ADİ ORTAKLIK MÜESSESESİ


 Bu çalışma adi ortaklıkta temsil müessesini /anlatmayı amaçlamaktadır. Konu hakkında detaylı bilgi talep edenler için iletişim bilgilerimi aşağıda paylaşacağım.Makale niteliğindeki çalışmanın tam metnini burada paylaşamıyoruz.Ancak makaleye ilişkin soru-görüş veya önerileriniz varsa mail atabilirsiniz.

Bu çalışmada dipnot atıf usulü ve konunun ele alınış sırasına dikkat ediniz. Genelden özele geçiş şeklinde ve dipnot usulü benimsenmiştir. Her üniversitenin tez yazım kılavuzu farklıdır. Bu nedenle atıflar farklılık gösterecektir. Genel olarak benimsenen sistemler APA, MLA atıf türleridir.Sitelerimizde örnek akademik çalışmaları yayımlamaktayız.

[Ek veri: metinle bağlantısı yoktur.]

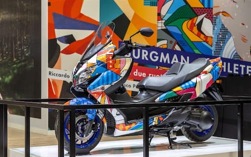 L'OPERA D'ARTE - Sono dei gioielli, dei capolavori, delle opere d'arte le moto che si possono ammirare all'Eicma. Il Burgman 400 wrappato con l’opera “Lo schermitore” dei gemelli Van Orton, illustratori italiani di fama mondiale, si addice particolarmente a questi aggettivi. Lo scooter è stato venduto all'asta per beneficienza: l'assegno del ricavato di 7.390 euro è andato a Fondazione Matalon, che utilizzerà i fondi per la promozione di progetti a sostegno di giovani artisti emergenti.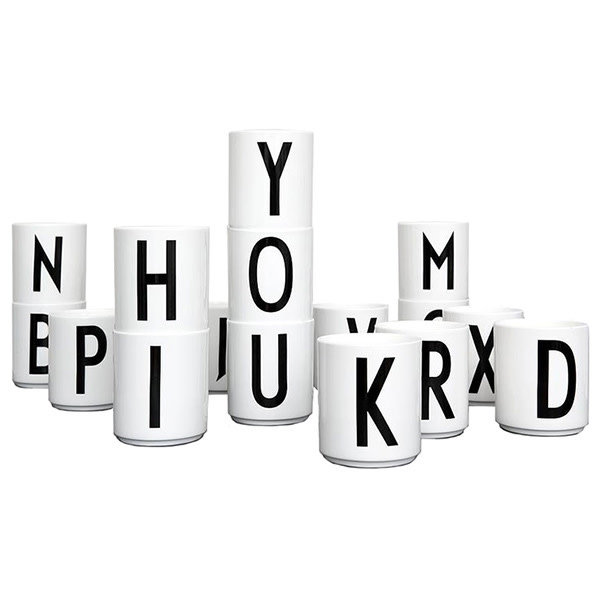 Design Letters Melamin Becher mit jedem Buchstaben des Alphabets von A-Z zur Verfügung. Diesem stilvollem Becher mit AJ Vintage ABC Schrift von Arne Jacobsen, entworfen von seinem Enkel Tobias Jacobsen kann definitiv nicht bei Ihnen zu Hause fehlen. Der Becher ist in Kombination mit der passenden Schüssel, Teller und Besteck, das idealen Melamin Geschirr für Kinder, um als Geburt Geschenk, Geburtstagsgeschenk oder andere besondere Gelegenheiten zu geben. Darüber hinaus ist diesem Becher auch schön wie Dekoration in Ihrem Interieur oder Kinderzimmer. Sie können den Becher als perfekter Stift Topf oder Blumentopf verwenden. Der Becher ist schön in einer Schachtel verpackt.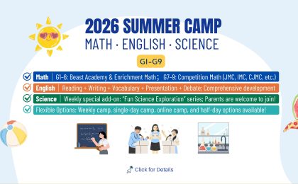 iCALC 2026 Math × English × Science Summer Camp (G1–G9) is here! From July 6 to July 31, 2026 (4 full weeks), we’re creating a fun, high-quality academic camp where kids learn, grow, and truly enjoy every day!
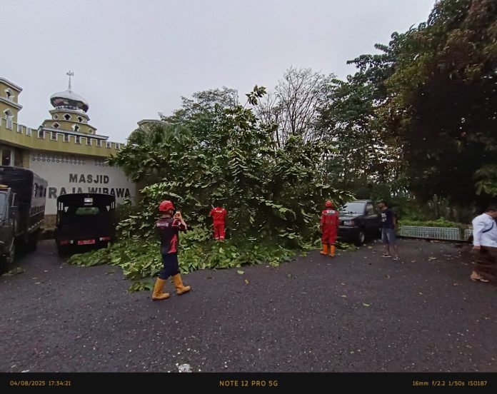 Kami menerima laporan dari pihak Satpol PP sekitar pukul 17.27 bahwa ada pohon tumbang di lingkungan kantor mereka. Tim langsung kami turunkan dengan empat anggota dan perlengkapan lengkap. Alhamdulillah, proses evakuasi berjalan lancar dan selesai sekitar pukul 18.00. Tidak ada korban jiwa dalam kejadian ini,” tandasnya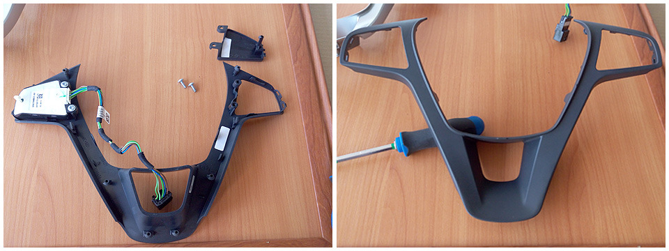 Для этого отвернув 2 самореза крепления заглушки и 2 самореза крепления блока кнопок управления ММС оставляем пустую Реевскую накладку. То же самое проделываем с накладкой от Весты.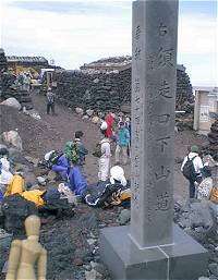 せっかく苦労して登ってきたのに、下りるのはもったいない気もしたが、下りないわけにもいかないので、下山を開始することにする。 須走口の山頂にあった鳥居が、電通の奉納によるものだったが、ここの下山口と書かれた石碑も、電通が作ったものだった。どうも電通と富士山との関係は、ただならぬモノがあるような気がする。 |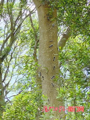 树上爬着的苔蛾幼虫。 厦门日报讯 (文/图 记者 邬秀君)全身长着长毛,呈黑色,长五六厘米……近日,市民张先生反映,在东坪山洪厝埔站往东山社站的路边,虫子扎堆在大石头和树干上,让人担心。昨日,记者前往现场调查,并采访了绿化方面的专家。 上百条毛毛虫爬在石块上 还有虫子垂丝悬在半空中 昨日上午,记者来到位于东坪山的洪厝埔站。沿着这个站点往东山社站方向走,记者看到,路边地面上有黑色虫子被人踩死或被汽车轧死的痕迹。再仔细往路边的树上看去,发现许多树上都有黑色毛毛虫。市民张先生告诉记者,以前这种虫子是赤红色的,现在都变成黑色的,“身上黑得发亮,让人心慌慌”。 沿着路一直走,记者找到了张先生提到的一块大石头。这块石头让人触目惊心,因为石头上密密麻麻地爬满了上百只黑色毛毛虫。路边有些树上,同样也“盘踞”着上百只黑色毛毛虫。 此外,有些虫子从树枝上垂丝而下,时刻有掉落的可能。在现场,一名女士因为虫子差点落到她的身上而吓了一跳。 苔蛾幼虫具有趋光性 相关部门表示将去处理 这种毛毛虫到底是什么虫,会危害到人吗?市绿化中心高级工程师张华峰说,这种虫子是苔蛾幼虫,是一种专吃苔藓的虫子,无毒。不过,有的人接触这种虫子后,可能会产生过敏。 张华峰还说,这是一种鳞翅目灯蛾科昆虫的幼虫。一只雌性飞蛾一次产卵可达300颗至400颗,即使存活率只有三分之一,经过一年繁殖,虫子的数量也会暴增。 至于这种幼虫为什么会悬吊在空中,张华峰解释,这种虫子具有趋光性,早晨从相对阴暗的栖息地爬上树干或高处,当外界光线充足时,便从高处的树上吐丝垂吊下来,随风飘荡,到另外有苔藓的地方取食。 张华峰表示,近年来厦门生态环境不断优化,东坪山没喷洒农药,这是苔蛾幼虫大量出现的一个原因。他指出,如果虫子影响景观,可用白僵菌等生物制剂消杀防治。 随后,记者把相关情况反馈给绿化部门,相关负责人表示,会去现场查看,并进行处理。 【提醒】 昆虫掉落到身上 用肥皂水冲洗 可起消毒效果 专家提醒,市民在户外活动,如果遇到昆虫掉落到身上,请不要惊慌,应立即将昆虫弹掉或吹走,随后用清水或肥皂水认真冲洗被昆虫触碰到的身体部位,可起到一定的消毒效果。 |

ADİ ORTAKLIKTA TEMSİL MÜESSESESİ
Av. Kaan Mahmut Erdem

ADİ ORTAKLIKTA TEMSİL MÜESSESESİ

Kanun koyucu TBK m.637 ve 638.maddelerde adi ortaklıkta dış ilişkiyi ele alarak adi ortaklığın üçüncü kişilerle olan ilişkisini incelemektedir. Buna göre Kendi adına ve ortaklık hesabına bir üçüncü kişi ile işlemde bulunan ortak, bu kişiye karşı bizzat kendisi alacaklı ve borçlu olur. Ortaklardan biri, ortaklık veya bütün ortaklar adına bir üçüncü kişi ile işlem yaparsa, diğer ortaklar ancak temsile ilişkin hükümler uyarınca, bu kişinin alacaklısı veya borçlusu olurlar. Kendisine yönetim görevi verilen ortağın, ortaklığı veya bütün ortakları üçüncü kişilere karşı temsil etme yetkisi var sayılır. Ancak, temsil yetkisine sahip yönetici ortağın yapacağı önemli tasarruf işlemlerine ilişkin yetkinin, bütün ortakların oybirliğiyle verilmiş olması ve yetki belgesinde bu hususun açıkça belirtilmiş olması şarttır.” hükmüne yer verilmiştir. Bu hükme göre ortak kendi ad ve ortaklık hesabına üçüncü kişilerle hukuki işlemlerde bulunursa bu kişilere karşı bizzat kendisi alacaklı ve borçlu olur.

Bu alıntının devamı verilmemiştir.